• The task
Everything from the line with "2026年3月に開催される、音楽とスポーツの融合フェス「APPI JAZZY SPORT" through the last line of the data below should be copied exactly, apart from the pictures.

Recorded data below:

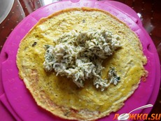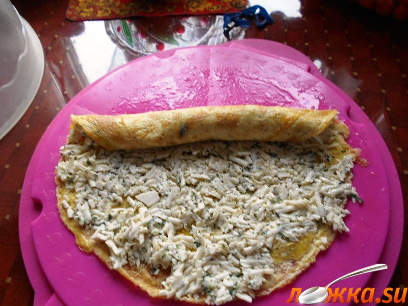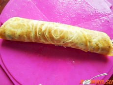 Ровненько распределить ее по всей лепешке и аккуратно сворачивать в рулет.
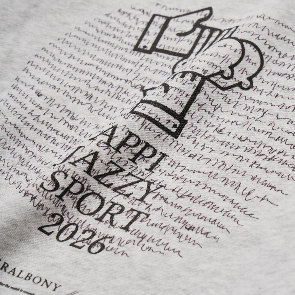 2026年3月に開催される、音楽とスポーツの融合フェス「APPI JAZZY SPORT 2026 Supported by HERALBONY」コラボレーションアイテムのクルーネックプルオーバー。
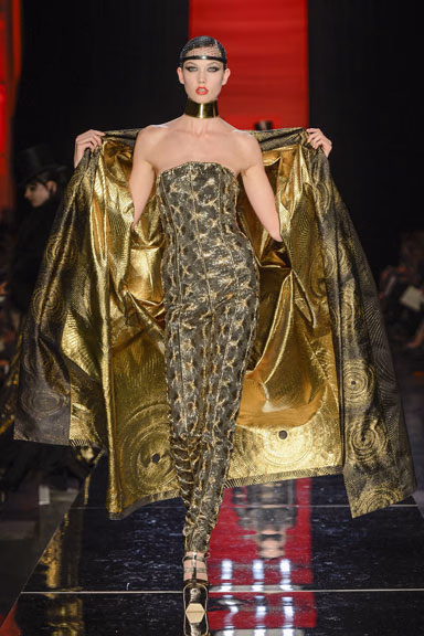 不过Gaultier在开场之后,便不慌不乱的用事实来证明唯有自己才能驾驭的颓废,浪漫,并且多变的设计风格。那件开场时的燕尾服一而再再而三的出现在了秀场上,材质上运用到了鳄鱼皮,颜色上则运用到了驼色。在男装方面,Gaultier将一种奸诈的服装表情植入了他的针线之中。而最后的那件新娘礼服,外套的下摆分片搭在了硕大的白色半裙上,而在外套的后片则延伸成为天鹅羽翼的形状。同样的,设计师还将和服的轮廓引入到了晚装的设计之中,以创造出一种世纪交替的情感。颜色的选取上,如苦艾酒一般碧绿色,以及珊瑚色,金色,还有紫罗兰色,仿佛梦境一般。Gaultier将纯艺术的概念在设计中延伸,其中包括了一些从球状关节机械获得的灵感。他们也许是来自于电影《大都会》中的机器人,或者出自小说家Georges Méliès的作品《雨果》,Gautier的设计总是像写给巴黎的一首情歌一般美丽动人。
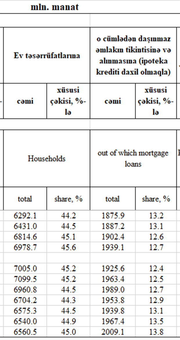 İyulda ev təsərrüfatlarına verilən kreditlərin xüsusi çəkisi 44,9%-dən 45%-ə yüksəlib.

End of Recorded data.

• Response
 2026年3月に開催される、音楽とスポーツの融合フェス「APPI JAZZY SPORT 2026 Supported by HERALBONY」コラボレーションアイテムのクルーネックプルオーバー。
 不过Gaultier在开场之后,便不慌不乱的用事实来证明唯有自己才能驾驭的颓废,浪漫,并且多变的设计风格。那件开场时的燕尾服一而再再而三的出现在了秀场上,材质上运用到了鳄鱼皮,颜色上则运用到了驼色。在男装方面,Gaultier将一种奸诈的服装表情植入了他的针线之中。而最后的那件新娘礼服,外套的下摆分片搭在了硕大的白色半裙上,而在外套的后片则延伸成为天鹅羽翼的形状。同样的,设计师还将和服的轮廓引入到了晚装的设计之中,以创造出一种世纪交替的情感。颜色的选取上,如苦艾酒一般碧绿色,以及珊瑚色,金色,还有紫罗兰色,仿佛梦境一般。Gaultier将纯艺术的概念在设计中延伸,其中包括了一些从球状关节机械获得的灵感。他们也许是来自于电影《大都会》中的机器人,或者出自小说家Georges Méliès的作品《雨果》,Gautier的设计总是像写给巴黎的一首情歌一般美丽动人。
 İyulda ev təsərrüfatlarına verilən kreditlərin xüsusi çəkisi 44,9%-dən 45%-ə yüksəlib.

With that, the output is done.